A Discrete SIR Model with Spatial Distribution on a Torus for COVID-19 Analysis using Local Neighborhood Properties

ABSTRACT

The ongoing COVID-19 pandemic threatens the health of humans, causes great economic losses and may disturb the stability of the societies. Mathematical models can be used to understand aspects of the dynamics of epidemics and to increase the chances of control strategies. We propose a SIR graph network model, in which each node represents an individual and the edges represent contacts between individuals. For this purpose, we use the healthy S (susceptible) population without immune behavior, two I-compartments (infectious) and two R-compartments (recovered) as a SIR model. The time steps can be interpreted as days and the spatial spread (limited in distance for a singe step) shell take place on a 200 by 200 torus, which should simulate 40 thousand individuals. The disease propagation form S to the I-compartment should be possible on a k by k square (k=5 in order to be in small world network) with different time periods and strength of propagation probability in the two I compartments. After the infection, an immunity of different lengths is to be modeled in the two R compartments. The incoming constants should be chosen so that realistic scenarios can arise. With a random distribution and a low case number of diseases at the beginning of the simulation, almost periodic patterns similar to diffusion processes can arise over the years. Mean value operators and the Laplace operator on the torus and its eigenfunctions and eigenvalues are relevant reference points.
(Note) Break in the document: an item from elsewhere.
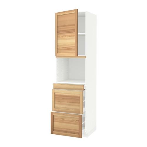 МЕТОД / МАКСИМЕРА Высокий шкаф д/СВЧ/дверца/3ящика - белый, Торхэмн естественный ясень, 60x60x220 см

The torus with five compartments is well suited for visualization. Realistic neighborhood relationships can be viewed with a inhomogeneous graph theoretic approach, but they are more difficult to visualize. Superspreaders naturally arise in inhomogeneous graphs there are different numbers of edges adjacent to the nodes and should therefore be examined in an inhomogeneous graph theoretical model. The expected effect of corona control strategies can be evaluated by comparing the results with various constants used in simulations. The decisive benefit of the models results from the long-term observation of the consequences of the assumptions made, which can differ significantly from the primarily expected effects, as is already known from classic predator-prey models.